L’Opération Impensable de Winston Churchill
Le plan, appelé « Operation Unthinkable » (Opération Impensable), établissait en but premier « l’imposition sur la Russie de la volonté des États-Unis et de l’Empire britannique. Même si cette volonté ne va pas plus loin qu’une demande de traitement juste envers la Pologne, cela ne limite pas nécessairement la portée de l’engagement militaire. »
Les stratèges des forces armées britanniques soulignaient que les forces alliées gagneraient dans les éventualités 1) d’une occupation de zones urbaines russes « suffisamment importante pour que la capacité de réaction du pays soit réduite au point où toute résistance deviendrait inutile. » 2) d’une « défaite des forces armées russes suffisamment importante pour empêcher les Russes de continuer la guerre. »
Les généraux britanniques ont toutefois averti Churchill des dangers qu’une « guerre totale » feraient courir aux forces armées alliées.

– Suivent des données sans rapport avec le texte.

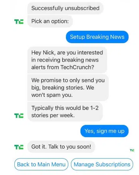 TechCrunch utilise des chatbots, accessibles via des applications de messagerie modernes ou directement sur leur site, pour vous envoyer le contenu que vous voulez, quand vous le souhaitez. Le chatbot vous permet de choisir le nombre de fois où vous souhaitez recevoir un nouveau contenu, ainsi que le type de contenu (histoires chaudes, auteurs spécifiques, etc.).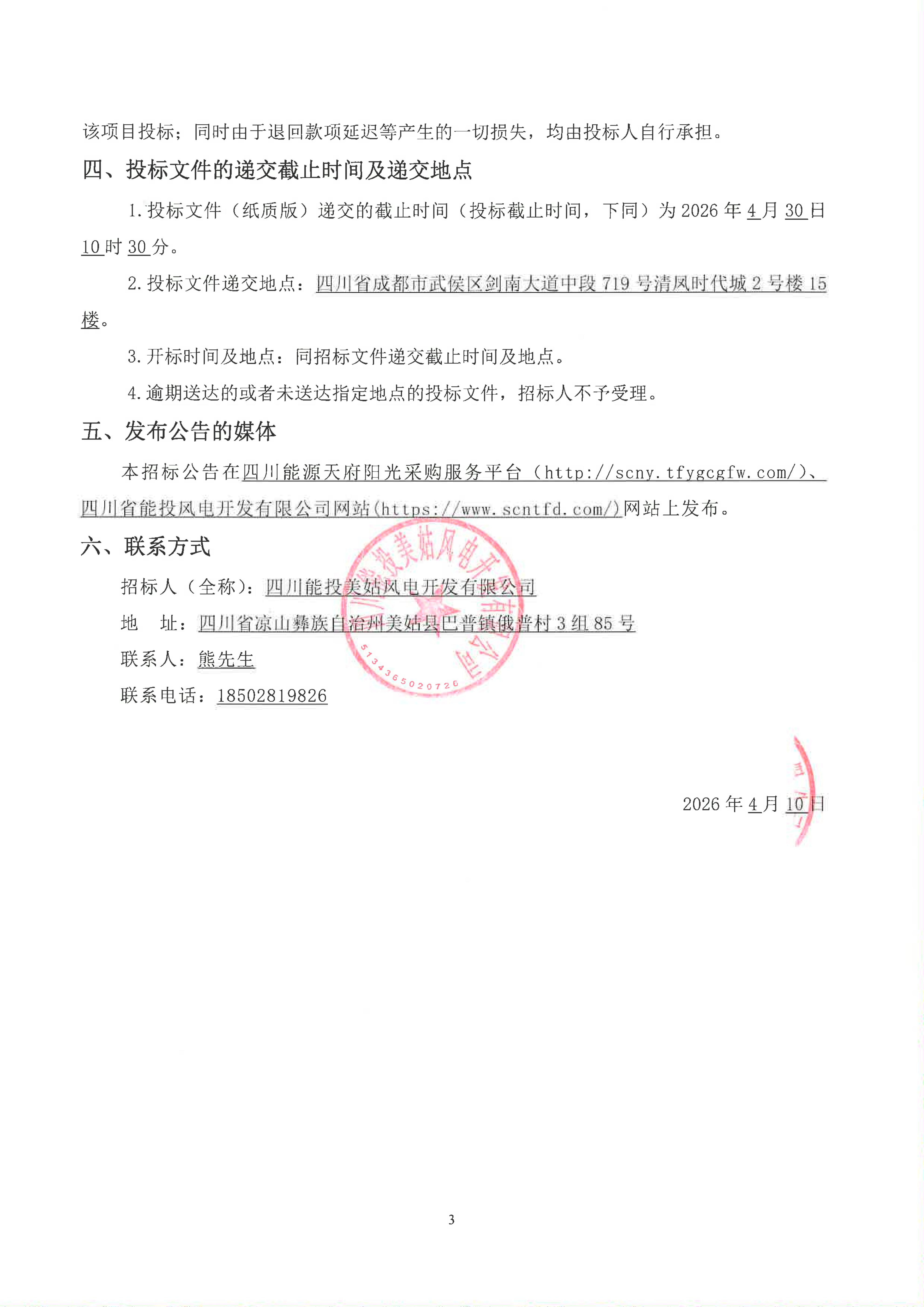 本招标公告在四川能源天府阳光采购服务平台(http://scny.tfygcgfw.com/)、四川省能投风电开发有限公司网站(https://www.scntfd.com/)网站上发布。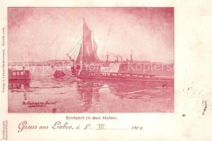 Laboe Einfahrt Hafen Laboe postalisch gelaufen 1901 Erhaltung siehe scans [KathaD81] Kathoren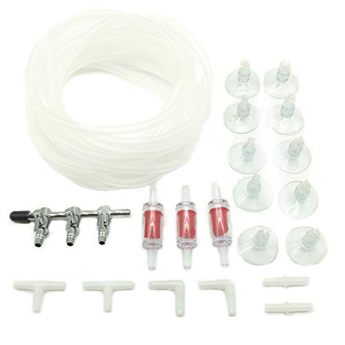 PietyPet 3-Modo valvola a Leva dell'acquario, 4m Tubo Ossigeno Acquario con 10 Ventose, 3 Valvola di Arresto e 6 Connettori per Acquario Pompe d'Aria

Malgré tout, à la suite des « tests » de l’arsenal atomique des USA sur les villes de Hiroshima et Nagasaki en août 1945, Churchill et des politiciens américains de droite commencèrent à presser la Maison-Blanche de bombarder l’URSS. Une frappe nucléaire contre la Russie soviétique, épuisée par la guerre contre l’Allemagne, aurait mené à la défaite du Kremlin tout en épargnant des vies de militaires américains et britanniques, insistait Churchill. Inutile de dire que l’ex-Premier ministre ne s’inquiétait pas de la mort de dizaines de milliers de paisibles civils russes déjà durement éprouvés par le cauchemar de quatre ans tout juste traversé.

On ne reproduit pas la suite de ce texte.